Friday, October 28, 2011

Stories From Electronica Valley, Spiritual Deviance, and Crazy Adventures

Song of the Week has been..."Hayling" by FC Kahuna.


Last week, I decided to walk a lot. I walked four miles through the city one day, five the next and then topped off the week with a six mile walk from my house on NE 60th and Burnside to NW 24th and Kearney for my daily meeting. On these walks, I felt free and strong and clear and inspired. Music is a massive part of my existence. It is actually something I would die for (in whatever context that could possibly happen and on no certain terms). During one of my walks, I decided to give my will to spiritual forces that be (whatever they may be and again on no certain terms). Between a church and the Tibetan monks, I requested a song from the universe. This is what was given to me. And I think it to be absolutely perfect.

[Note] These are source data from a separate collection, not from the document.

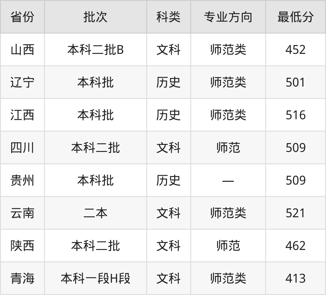 海南热带海洋学院历史学专业在全国各省最低录取分数线为413分(青海文科),除此之外,在其余地区的最低分为贵州历史类509分、云南文科521分、陕西文科462分、山西文科452分等,以上数据均为2024年数据,供2025年高考生参考。
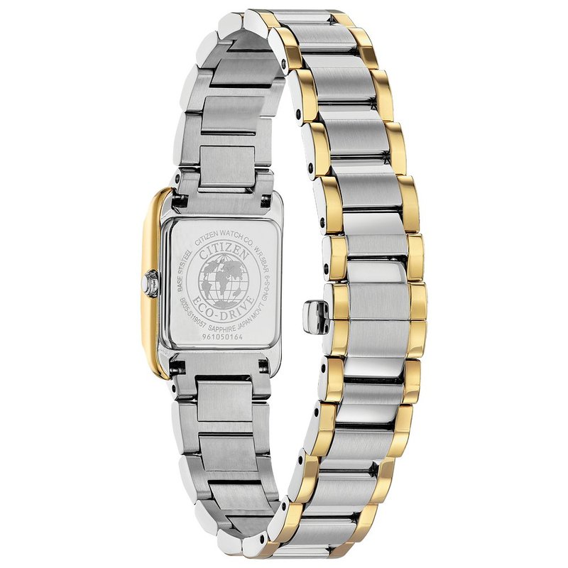 The CITIZEN L Collection represents the epitome of a ladies timepiece, showcasing all the sophistication, style and power that appeal to today's woman. The simplicity of the Citizen L case is partnered with an elegant light white Mother-of-Pearl dial with beveled sapphire crystal. Featured here in two-tone stainless steel. Featuring our Eco-Drive technology – powered by light, any light. Never needs a battery. Caliber number B035.
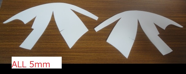 ・型紙中の2mm、5mmといった記載はコスプレボード、COSボード匠等の厚みです。
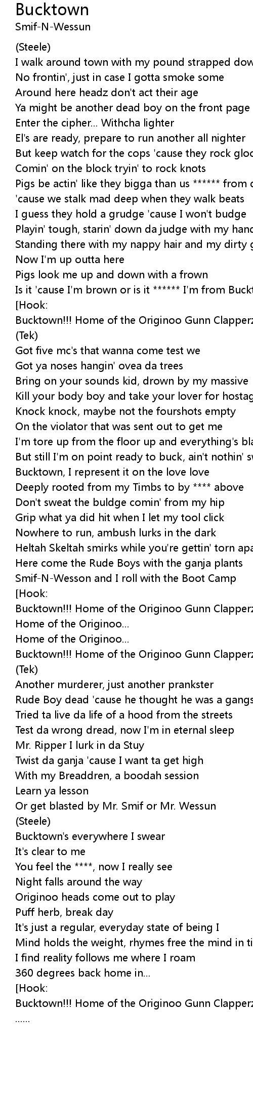 Bucktown!!! Home of the Originoo Gunn Clapperz! |
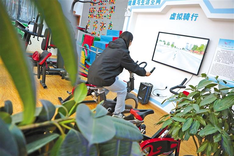 社區(qū)居民體驗(yàn)虛擬騎行。
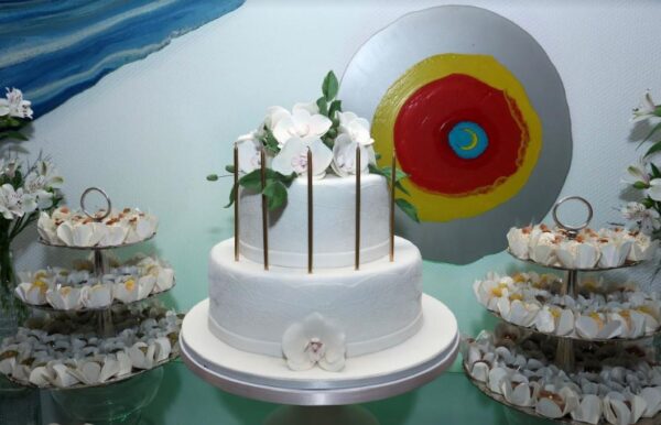 O bolo lindo e clean era branco , os doces maravilhosos, comidinhas deliciosas  e a decoração impecável deram o tom da festa.
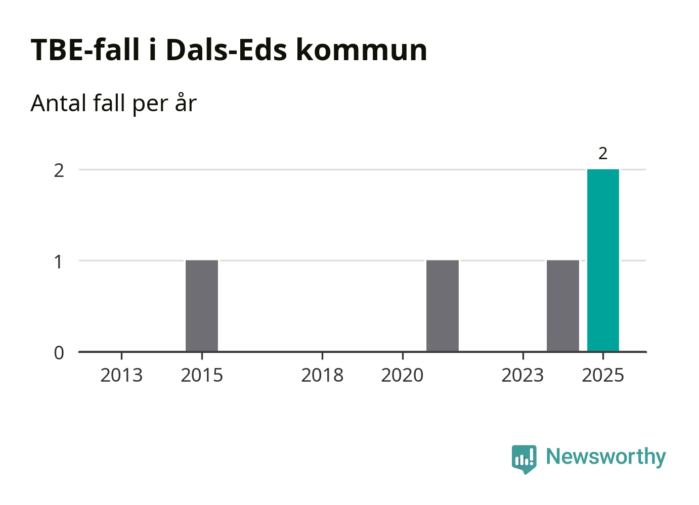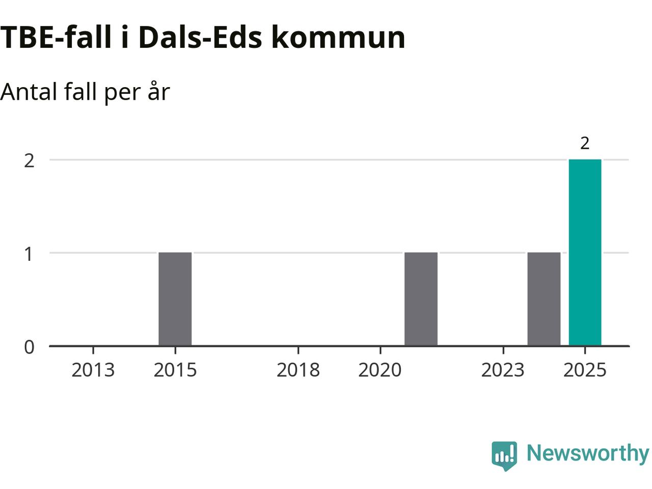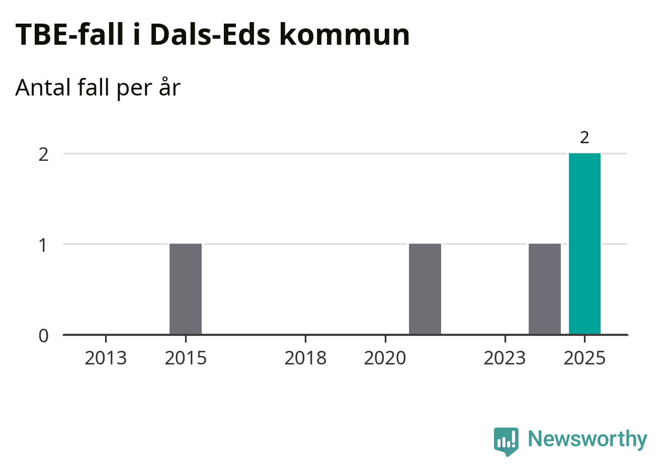 I Dals-Eds kommun rapporterades totalt två smittfall. Det är ett fler än året innan, och det högsta antalet som hittills rapporterats i kommunen.
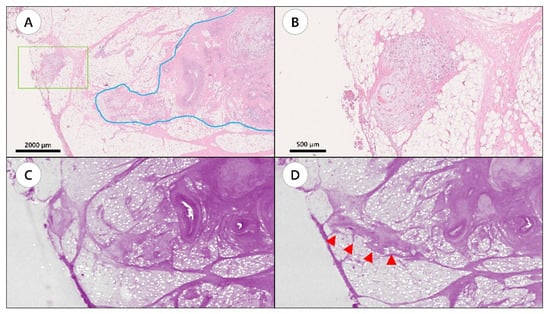For pathological review for WSI, whole-mount H&E glass slides were digitally scanned to create virtual slides using a NanoZoomer S60 (Hamamatsu Photonics, Hamamatsu, Japan) at 20× magnification (0.46 µm/pixel) [23,24]. WSI revealed the following findings: depth of tumor invasion, tumor deposit (TD), circumferential resection margin (CRM), benign lymph nodes (BLN), metastatic lymph nodes (MLN), lymphovascular invasion (LVI), and perineural invasion (PNI). The diagnoses of TD, LVI, and PNI were made according to the American Joint Committee on Cancer (AJCC) staging manual [25]. CRM was measured as the distance from the deepest part of the tumor to the inked soft-tissue edge [9].
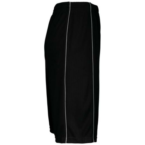 Herenbasketbal short Blijft goed zitten dankzij de elastische tailleband met aanrijgkoordjes. Afwerking met dubbel stiksel onderaan voor een kwaliteitsvolle afwerking. 100% polyester. Elastische tailleband met aanrijgkoord. Bies in contrastkleur op de naden op de voor-en achterkant. Afwerking met dubbele stiksels aan de onderkant.
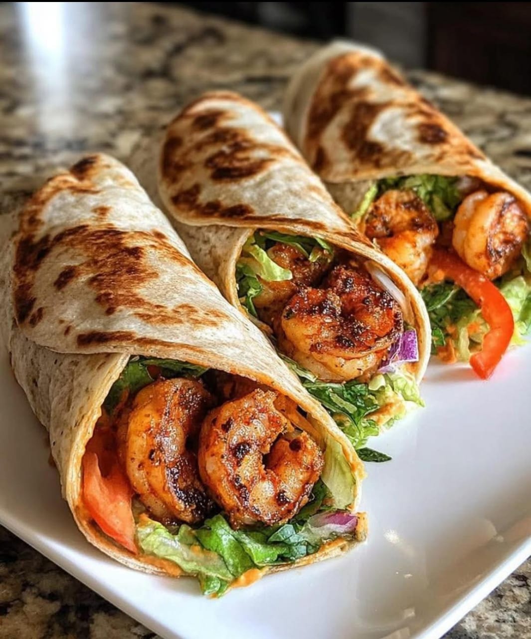 Lay down lettuce, peppers, onion, shrimp, and a drizzle of sauce. This combo makes every bite burst with smoky, tangy crunch.
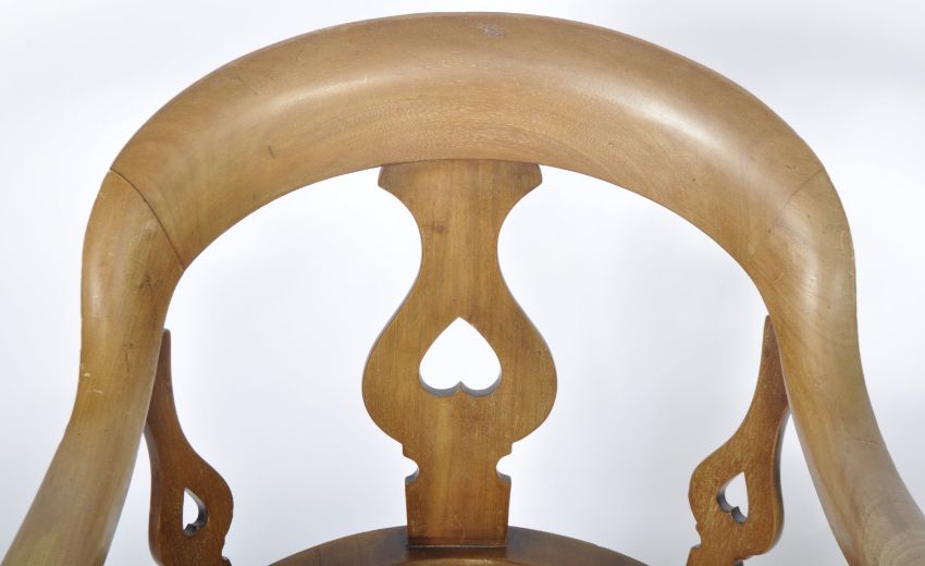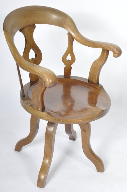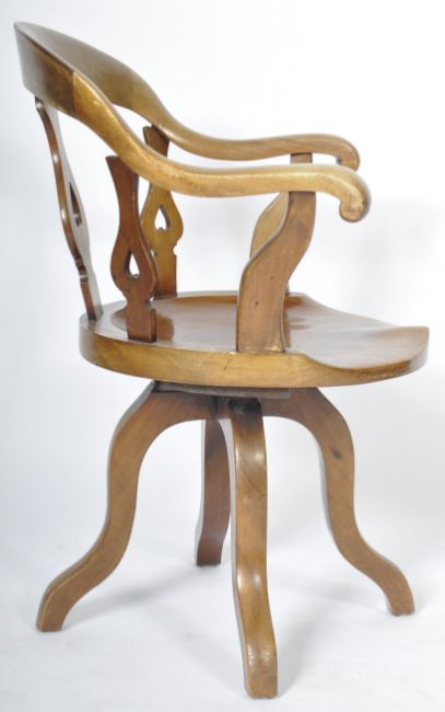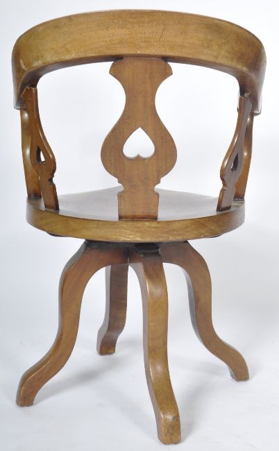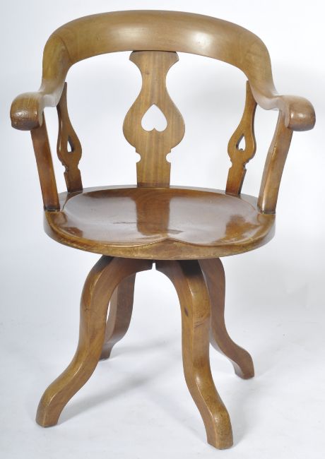 A 19th Century Victorian Arts & Crafts movement walnut revolving swivel ships captains chair / office desk armchair or casino dealers dealing arm chair having a shaped backrest and broad scrolled arms with pierced upside down heart motifs. Shaped saddle seat raised on four sabre leg quadruped splayed base. Measures approx; 89cm x 49cm x 49cm.
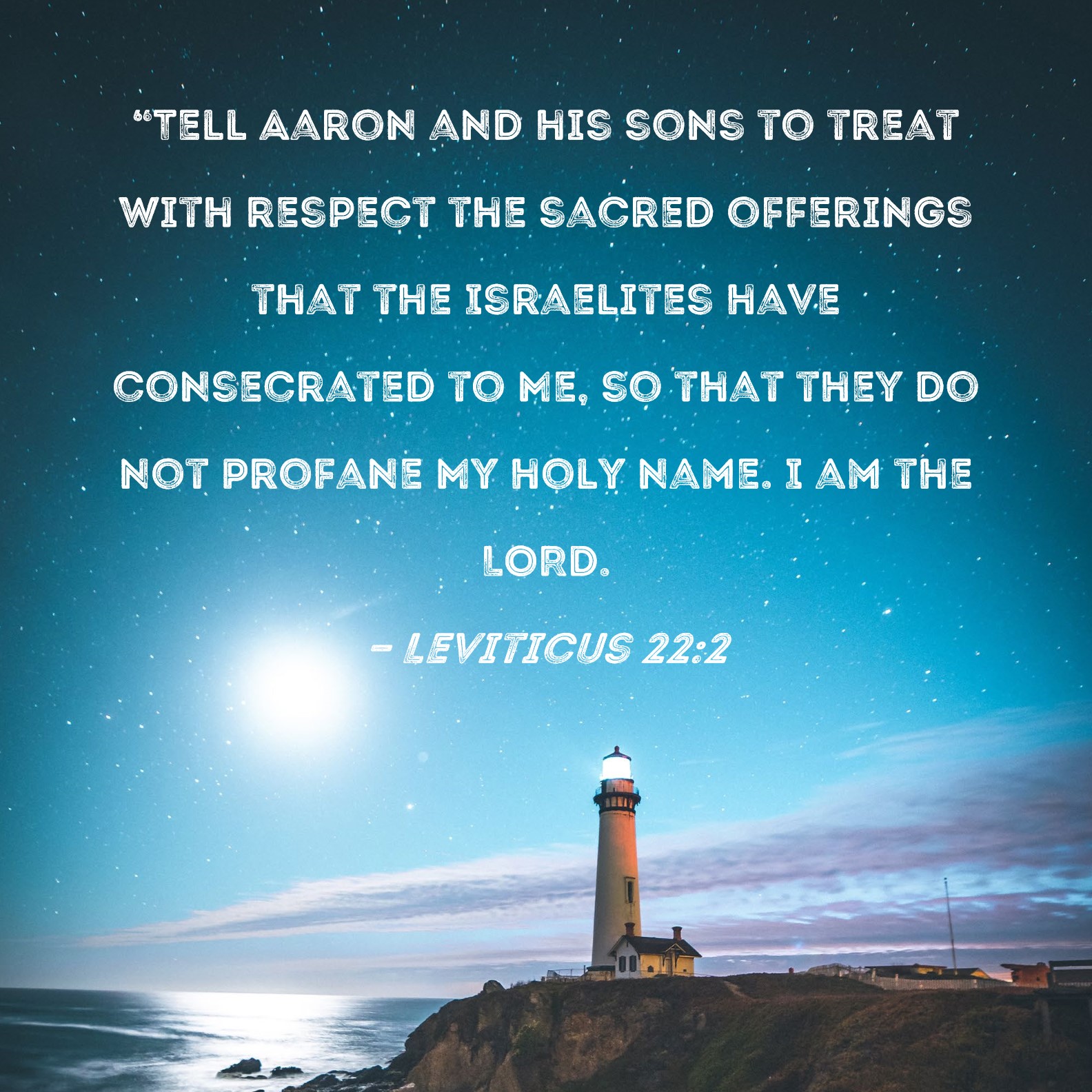 Leviticus 22:2 "Tell Aaron and his sons to treat with respect the sacred offerings that the Israelites have consecrated to Me, so that they do not profane My holy name. I am the LORD.

There are many things about this tune that I love and that resonate (well it doesn't hurt that I can really pin down the lyrics as they are repeated over and over much like the monks I chose to spend my afternoon with), but that it was simple and perfect and carried a message I needed right at that moment. I realized I had been walking with a lot of fear (and am continuing to do for some reason).  Fear is something that pinned me to addictions and also pinned me to bad people and self-destruction.  So why, with all of this progress, do I get the feeling I'm on hot coals again, being stabbed by hot pokers, or feeling imaginary pangs of dread?  In the hours of walking and praying and chanting and more walking, there was relief and it lasted for the entirety of this canticle.

What's interesting about life for me, are the constant circular movements the universe creates.  We always say "that comes full circle" or other variations meaning to come around, linking things, people, places to each other.  This happens for people who "get it" as it requires attention to detail when things happen, why they would happen again, etcetera, and what it all means.  Total awareness.  Lately, I have found that I have been drawn to electronica duo pop bands.  This isn't where the reader laughs at how oddly profound I sound when stating that this has serious spiritual significance, but it really does.  It's not my fault I find extreme beauty in tiny things.  But this band is new and beautiful to me.


FC Kahuna is a British DJ and electronica music duo consisting of Jon Nowell and Daniel Ormondroyd.  They feature different artists for vocal contribution namely Icelandic singer Hafdis Huld, who is a beautiful tiny blonde pixie singing barefoot at the piano for this ballad.  Their first mix album Another Fine Mess is a followup album of the Another Late Night compilation series featuring tracks by Blur, The Polyphonic Spree, Green Velvet, Josh Wink, and others.  They have remixed for bands including New Order, Felix Da Housecat, Mellow, and The Faint.

Not only do they mix for some pretty kick-ass bands and have an Icelandic frontwoman, but they were also featured in the show Six Feet Under, a show I live and breathe for, and also Riding Giants, a movie I cannot live without.



I realize I have been very drawn to electronica pop duo bands for a while now, really gravitating toward them.  Among the most popular in my life right now are Air, Zero 7, Broken Bells, Holy Ghost!, and now FC Kahuna. Speaking of full circle, Zero 7 is also featured in Six Feet Under with their track "Distractions" which is a painful, heartbreaking ballad that I just so happened to be listening to with a friend of mine the other night.  Sia, featured vocalist for Zero 7, also features her ballad "Breathe Me" for the season finale. And on that same night, I reconnected with Air, whom I have written about in previous entries, and also with Broken Bells, who everyone knows I obsess over. If it's a James Mercer project, it's my new favorite. If it doesn't get anymore connected than that, I don't know what does.


IN OTHER NEWS:

Black Keys came out with a new song today that is only available digitally, titled "Lonely Boy", Kirsten Dunst stars in R.E.M.'s new video, and Tom Waits, the one-of-a-kind singer-songwriter and master storyteller talks to Mark Richardson in an exclusive online interview about his first proper studio album in seven years, goofing off with Keith Richards, killer robots, and why "the truth is overrated".



Divine energy. It exists and it is all around me. I experienced my first divine intervention the other night with two people very close to me, expressing that somewhere in my spiritual quest for peace, I have attached myself to something oppressive.  Maybe so.  Maybe I just continue to make bad choices, whether I am "healthy" or not.  I live in a suffocated darkness right now.  But at the very least, I have synthesized psychadelic rock and electronica loveliness pushing me on through.  No more crazy adventures for a while.  I'm done with my distractions.  (For now).